C. The Committee’s conclusions
C. The Committee’s conclusions
- 563. The Committee observes that in this case the complainant organization has alleged violations of teachers’ right to bargain collectively and to strike. Specifically, it alleged that after a list of teachers’ demands was presented to the Minister of Education, the 2003 bargaining round was initiated, and the authority had agreed to negotiate, setting up a number of bipartite committees, and that at the time the complaint was submitted (October 2003) the competent authority had not made a formal reply to the items on the list of demands, an attitude which, in the view of the complainant organization, demonstrates that the authority was not genuinely willing to negotiate and conclude an agreement on wages, among other issues, and has not taken the trouble to submit a formal and serious counter-proposal. The complainant organization adds that this refusal to negotiate led it to call a strike on 30 September 2003, and a second strike on 23 and 24 October of the same year.
- 564. The Committee notes that the Government points out that despite the lack of an explicit regulatory framework, since 1990 it has negotiated the terms and conditions of teaching personnel and complied with the agreements concluded, but that in the case at issue, in accordance with customary practice and good faith, the timing and procedures cannot be unilaterally established by one of the parties, especially given that the legal and financial frameworks governing the terms and conditions of employment of municipal teachers are linked to the discussion of the general budget Act and evaluations by the financial authority. Lastly, the Committee notes with interest that the Government reached an agreement with the complainant organization which includes, among other points, increases in teachers’ remuneration for the years 2004, 2005 and 2006, which shows that the Government did not refuse to negotiate, but that it did so according to the timing and procedures established through practice with the complainant organization, in good faith.
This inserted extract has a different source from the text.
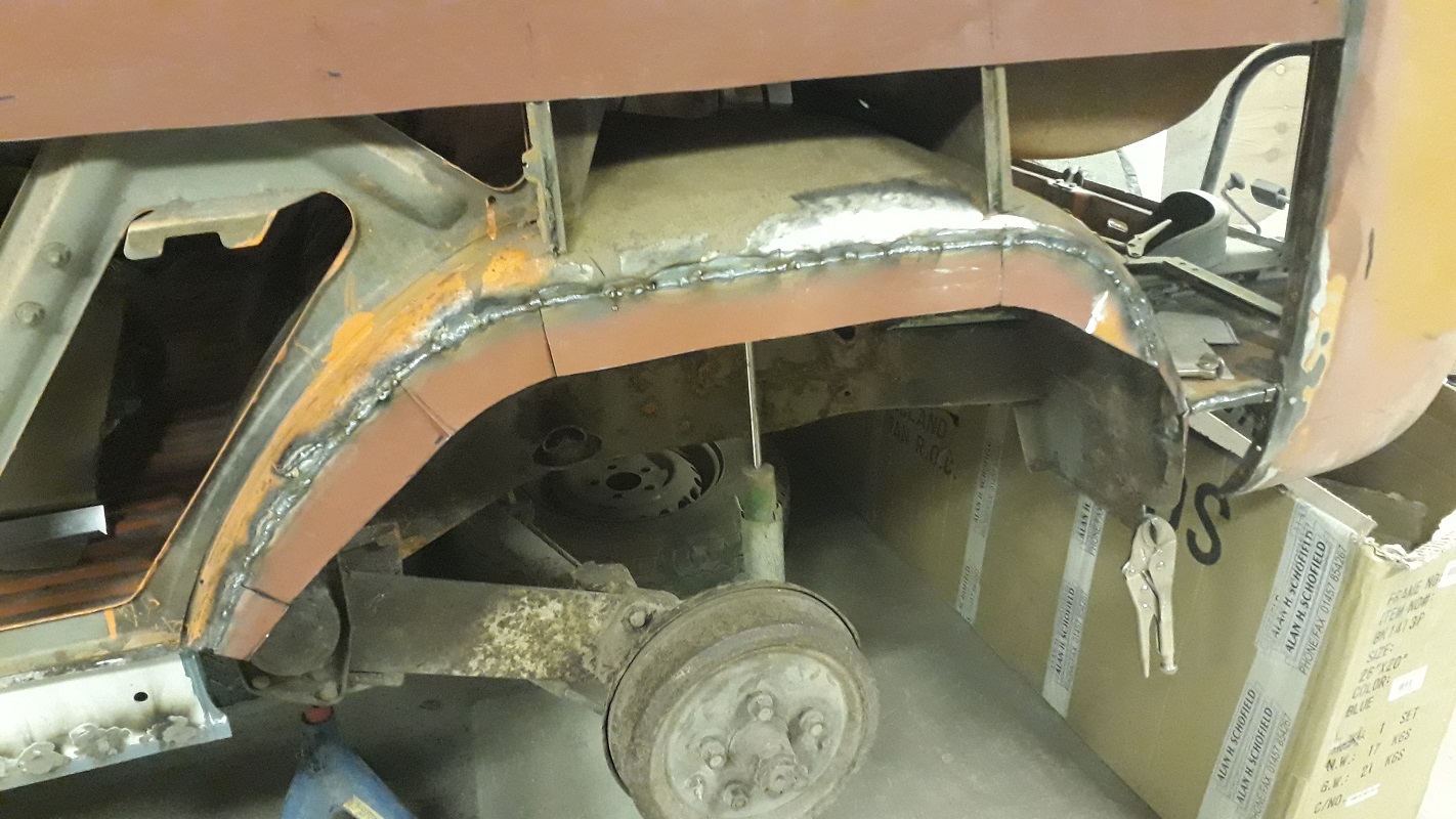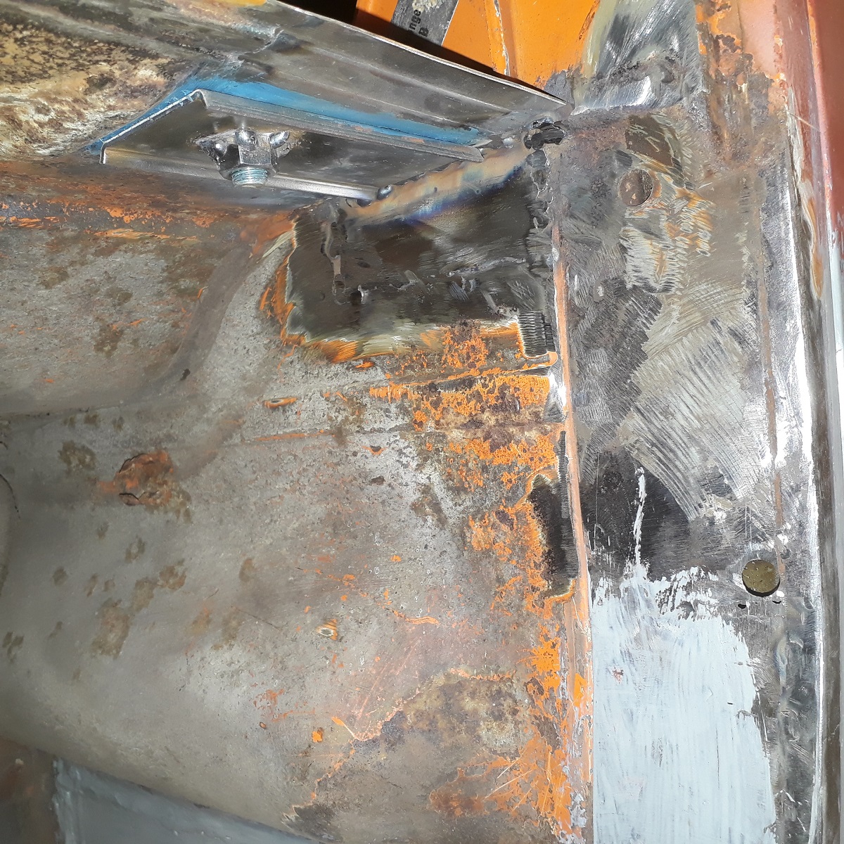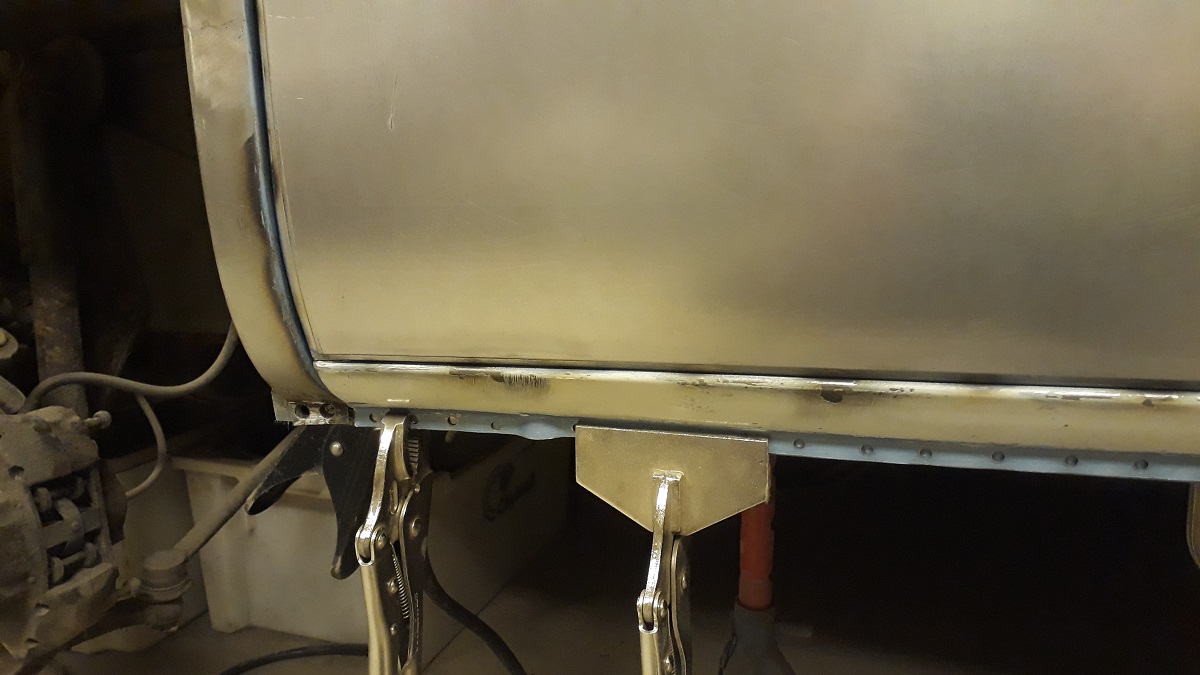 Jag köpte en ganska hög plåt ifrån Alan H Schofield. Den har en bockad kant längst upp. Tanken är att den skall gömmas inne i den invändiga förstärkningsprofilen, men hur fasen skall man komma åt att rostskyddsmåla då? Så jag kapade bort den. Originalets karossida kapades försiktigt igen så att kapskivan precis gick igenom plåten, men inte förstärkningsplåten innanför. Jag valde att inte limma denna skarv. Tänkte att förstärkningsplåten skulle hålla emot bra så att plåten slår sig vid svetsningen. Jag hade fel. Längs skarven höll det sig rakt, men plåten liksom bullade sig utåt ovanför och under svetsen. Men det är inga stora bulor, jag tror att det går att fixa med spackel inför lack.
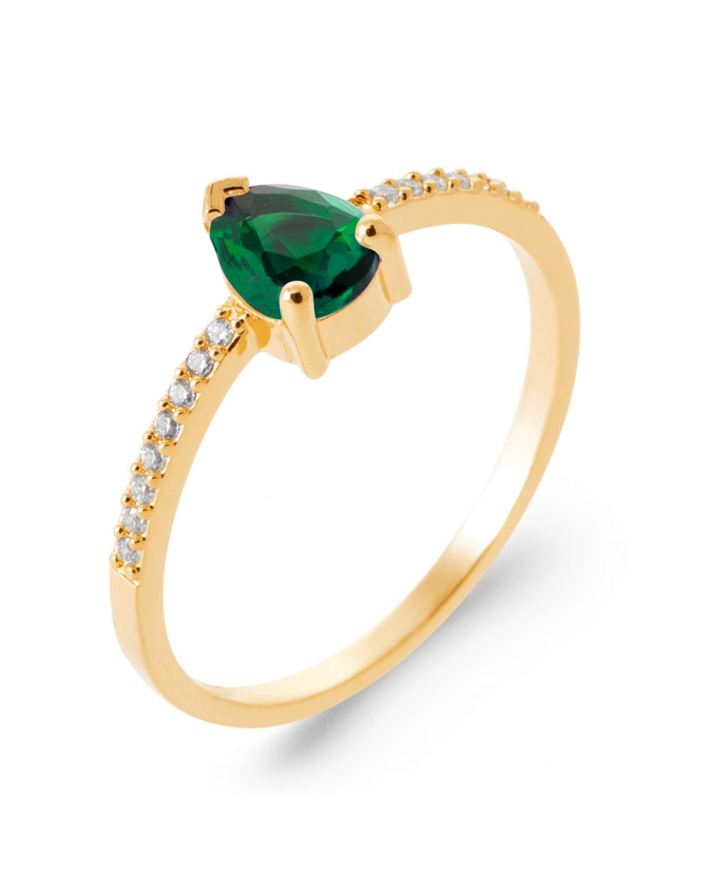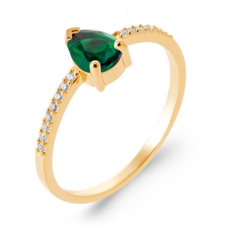 Laissez-vous séduire par l’élégance intemporelle de cette bague en plaqué or 18 carats. En son centre trône une somptueuse pierre en forme de goutte, d’un vert profond façon émeraude, montée sur un anneau délicatement serti de zirconiums scintillants.

- 565. As regards the alleged threats by the central authority and the decentralized administrative bodies (dismissals, disciplinary proceedings, deductions of remuneration for hours not worked and other punitive measures against the workers who responded to the call for a strike by the complainant organization), the Committee notes that the Government: (1) denies that it has committed any act which involves infringing the right to strike; (2) recalls the principles of the Committee to the effect that salary deductions for days of strike give rise to no objection; (3) emphasizes that the complainant organization has not cited any specific act which would have infringed the right to strike, neither have any complaints been filed; and (4) points out that in the case at issue the strikes were held without the possibility of safeguarding minimum services. In these circumstances, given that the collective dispute which gave rise to this case ended with the conclusion of a collective agreement and that the complainant organization has not provided details concerning the alleged threats, the Committee will not proceed with the examination of these allegations.
The Committee's recommendations
The Committee's recommendations
- 566. In the light of its foregoing conclusions, the Committee invites the Governing Body to decide that this case does not call for further examination.